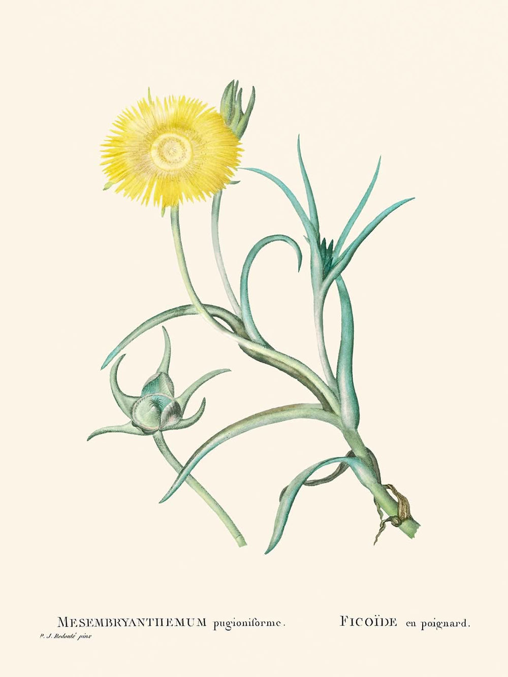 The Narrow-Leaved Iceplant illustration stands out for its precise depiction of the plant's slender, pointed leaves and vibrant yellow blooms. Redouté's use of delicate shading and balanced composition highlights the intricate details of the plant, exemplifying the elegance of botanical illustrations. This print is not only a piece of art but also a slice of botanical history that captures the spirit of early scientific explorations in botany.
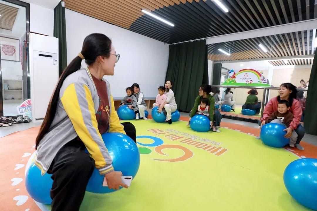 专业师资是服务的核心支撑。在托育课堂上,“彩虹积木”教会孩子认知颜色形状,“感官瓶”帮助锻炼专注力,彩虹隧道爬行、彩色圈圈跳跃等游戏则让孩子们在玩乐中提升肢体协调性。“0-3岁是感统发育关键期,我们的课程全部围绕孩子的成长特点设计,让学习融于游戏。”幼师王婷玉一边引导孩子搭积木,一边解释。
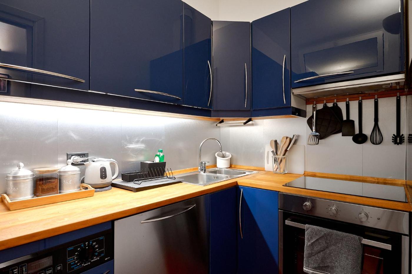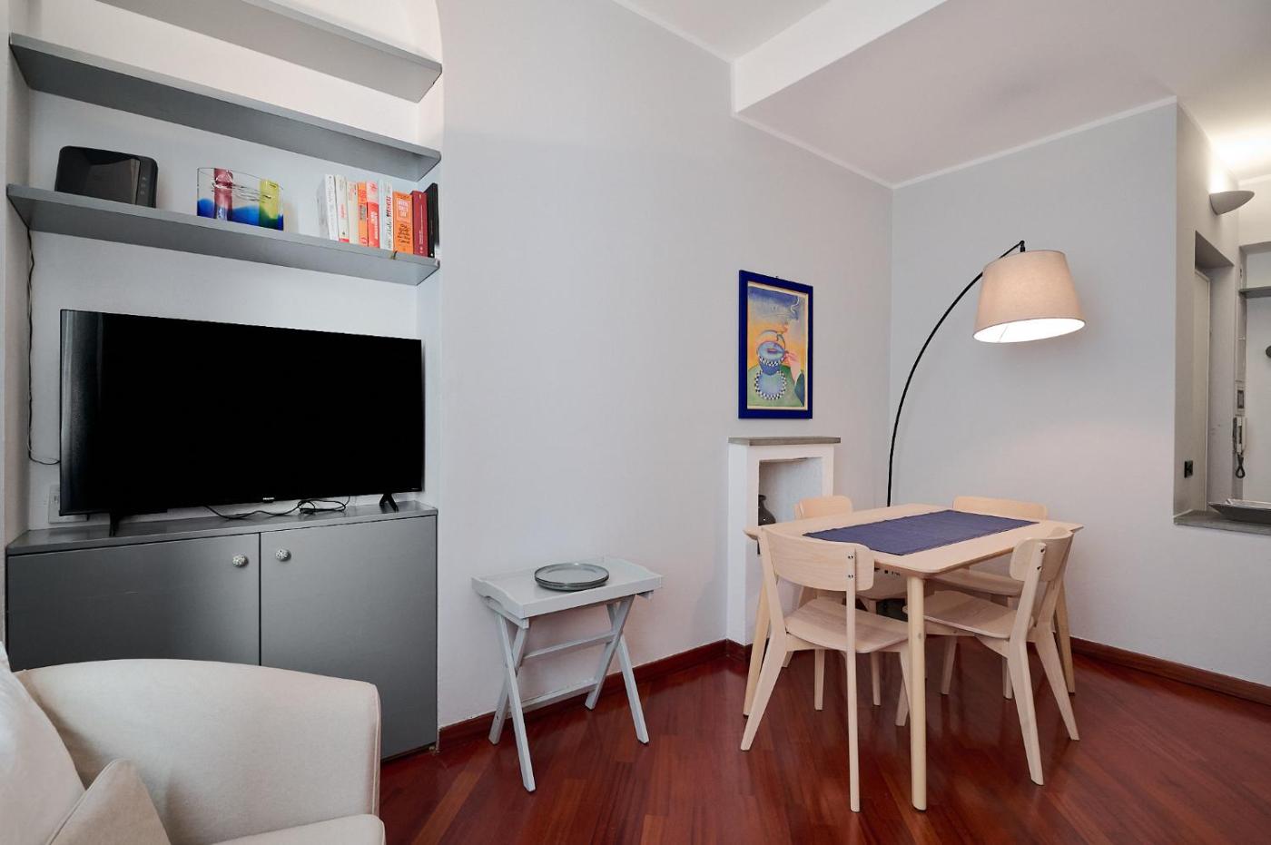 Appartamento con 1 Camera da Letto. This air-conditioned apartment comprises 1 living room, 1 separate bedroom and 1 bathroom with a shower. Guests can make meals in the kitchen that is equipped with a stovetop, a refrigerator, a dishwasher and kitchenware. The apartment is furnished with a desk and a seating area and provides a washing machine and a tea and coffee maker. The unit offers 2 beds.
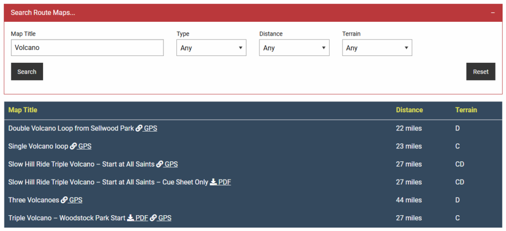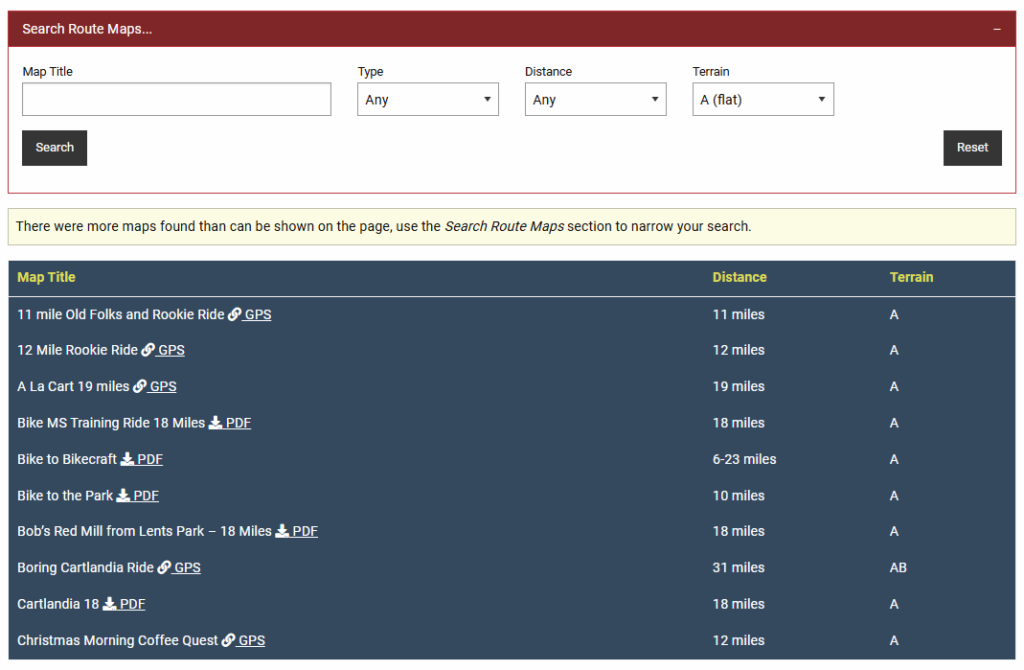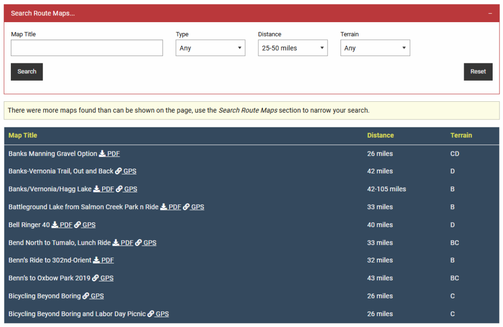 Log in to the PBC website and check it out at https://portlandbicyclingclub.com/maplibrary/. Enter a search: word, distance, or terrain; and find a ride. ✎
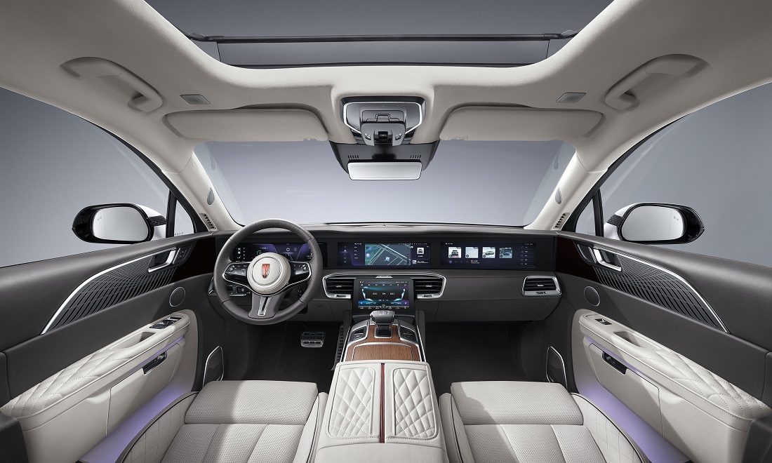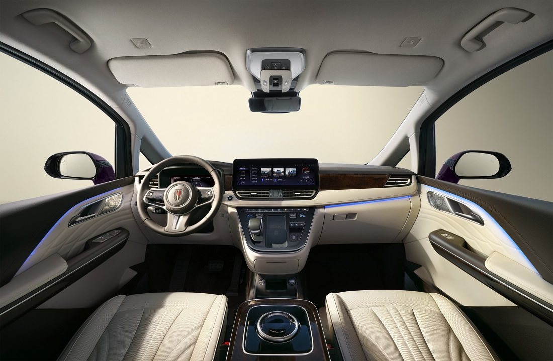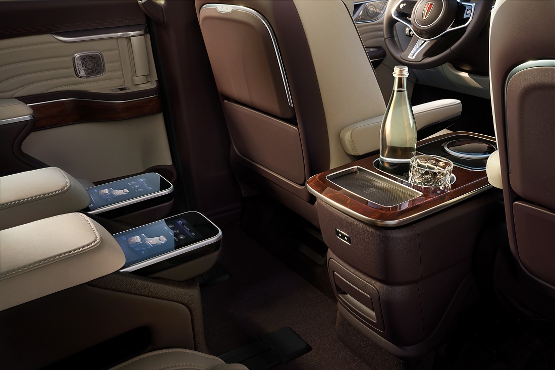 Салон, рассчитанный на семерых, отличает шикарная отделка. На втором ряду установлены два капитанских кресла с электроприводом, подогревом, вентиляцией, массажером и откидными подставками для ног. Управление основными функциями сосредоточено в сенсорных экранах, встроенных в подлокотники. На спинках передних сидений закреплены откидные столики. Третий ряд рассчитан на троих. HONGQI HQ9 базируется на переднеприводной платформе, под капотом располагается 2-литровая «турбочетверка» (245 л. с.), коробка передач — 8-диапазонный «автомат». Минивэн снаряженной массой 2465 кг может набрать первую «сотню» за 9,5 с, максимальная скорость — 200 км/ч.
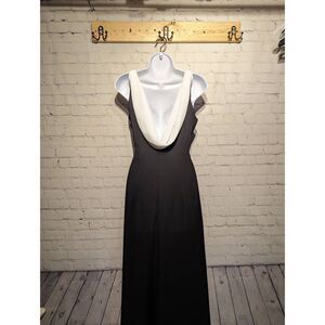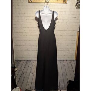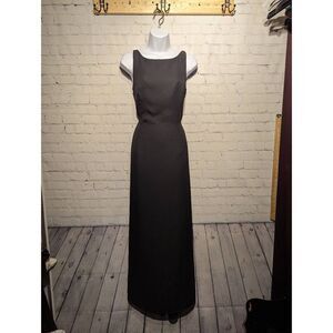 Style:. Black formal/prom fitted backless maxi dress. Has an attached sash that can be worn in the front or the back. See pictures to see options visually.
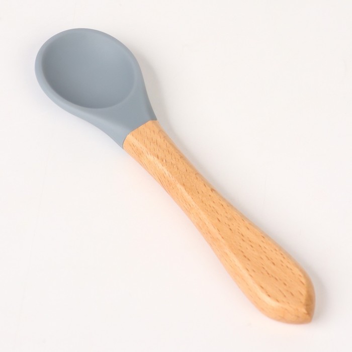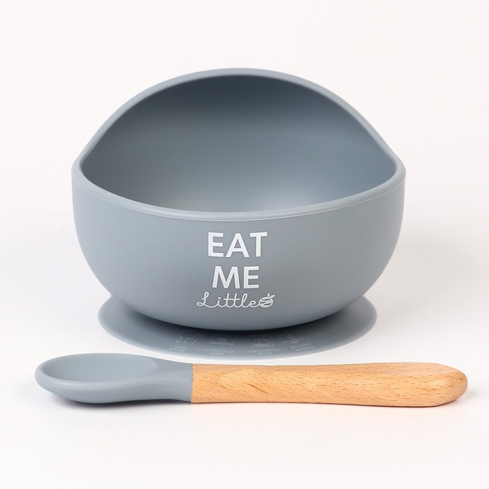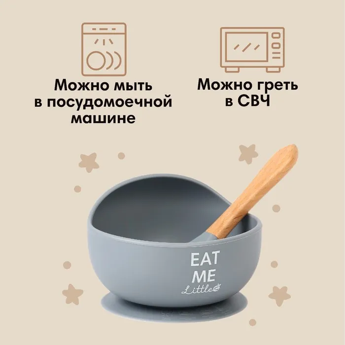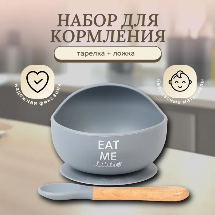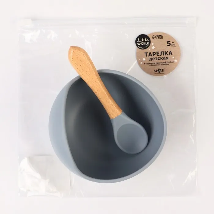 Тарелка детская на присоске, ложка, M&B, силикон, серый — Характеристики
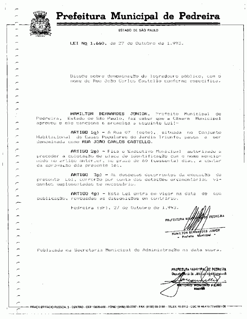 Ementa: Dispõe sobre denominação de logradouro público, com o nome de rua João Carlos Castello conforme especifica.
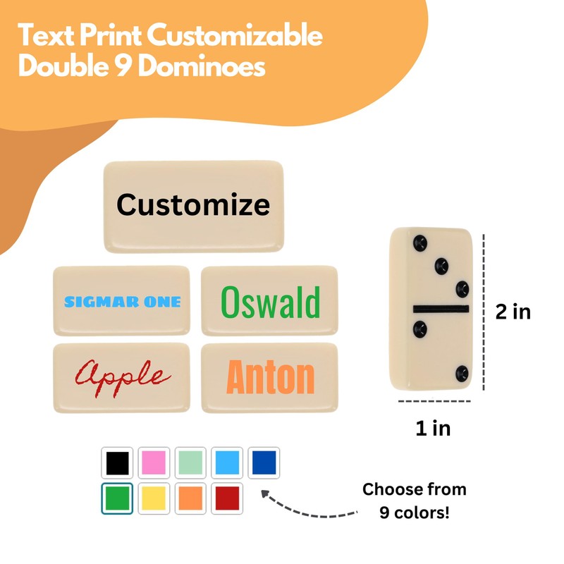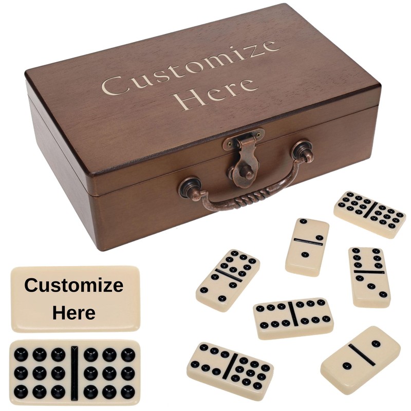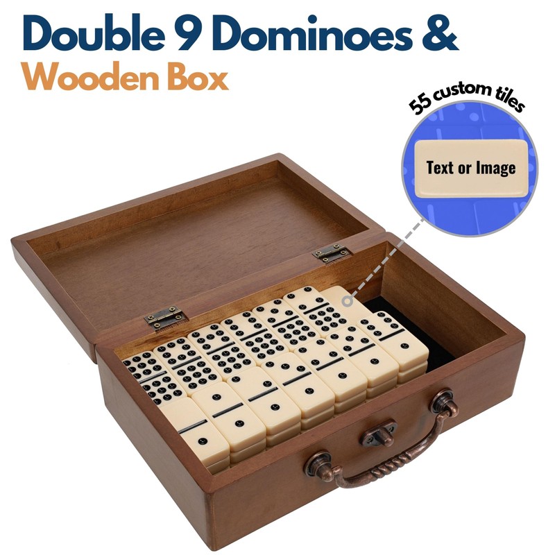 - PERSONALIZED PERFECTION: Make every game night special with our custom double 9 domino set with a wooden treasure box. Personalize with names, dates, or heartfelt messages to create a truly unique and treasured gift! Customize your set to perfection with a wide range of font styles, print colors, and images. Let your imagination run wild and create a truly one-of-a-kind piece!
● ● ●
## Your goal:
If a record holds a picture, leave the picture out, but repeat every line exactly.

## Exercise output:
 The Narrow-Leaved Iceplant illustration stands out for its precise depiction of the plant's slender, pointed leaves and vibrant yellow blooms. Redouté's use of delicate shading and balanced composition highlights the intricate details of the plant, exemplifying the elegance of botanical illustrations. This print is not only a piece of art but also a slice of botanical history that captures the spirit of early scientific explorations in botany.
 专业师资是服务的核心支撑。在托育课堂上,“彩虹积木”教会孩子认知颜色形状,“感官瓶”帮助锻炼专注力,彩虹隧道爬行、彩色圈圈跳跃等游戏则让孩子们在玩乐中提升肢体协调性。“0-3岁是感统发育关键期,我们的课程全部围绕孩子的成长特点设计,让学习融于游戏。”幼师王婷玉一边引导孩子搭积木,一边解释。
 Appartamento con 1 Camera da Letto. This air-conditioned apartment comprises 1 living room, 1 separate bedroom and 1 bathroom with a shower. Guests can make meals in the kitchen that is equipped with a stovetop, a refrigerator, a dishwasher and kitchenware. The apartment is furnished with a desk and a seating area and provides a washing machine and a tea and coffee maker. The unit offers 2 beds.
 Log in to the PBC website and check it out at https://portlandbicyclingclub.com/maplibrary/. Enter a search: word, distance, or terrain; and find a ride. ✎
 Салон, рассчитанный на семерых, отличает шикарная отделка. На втором ряду установлены два капитанских кресла с электроприводом, подогревом, вентиляцией, массажером и откидными подставками для ног. Управление основными функциями сосредоточено в сенсорных экранах, встроенных в подлокотники. На спинках передних сидений закреплены откидные столики. Третий ряд рассчитан на троих. HONGQI HQ9 базируется на переднеприводной платформе, под капотом располагается 2-литровая «турбочетверка» (245 л. с.), коробка передач — 8-диапазонный «автомат». Минивэн снаряженной массой 2465 кг может набрать первую «сотню» за 9,5 с, максимальная скорость — 200 км/ч.
 Style:. Black formal/prom fitted backless maxi dress. Has an attached sash that can be worn in the front or the back. See pictures to see options visually.
 Тарелка детская на присоске, ложка, M&B, силикон, серый — Характеристики
 Ementa: Dispõe sobre denominação de logradouro público, com o nome de rua João Carlos Castello conforme especifica.
 - PERSONALIZED PERFECTION: Make every game night special with our custom double 9 domino set with a wooden treasure box. Personalize with names, dates, or heartfelt messages to create a truly unique and treasured gift! Customize your set to perfection with a wide range of font styles, print colors, and images. Let your imagination run wild and create a truly one-of-a-kind piece!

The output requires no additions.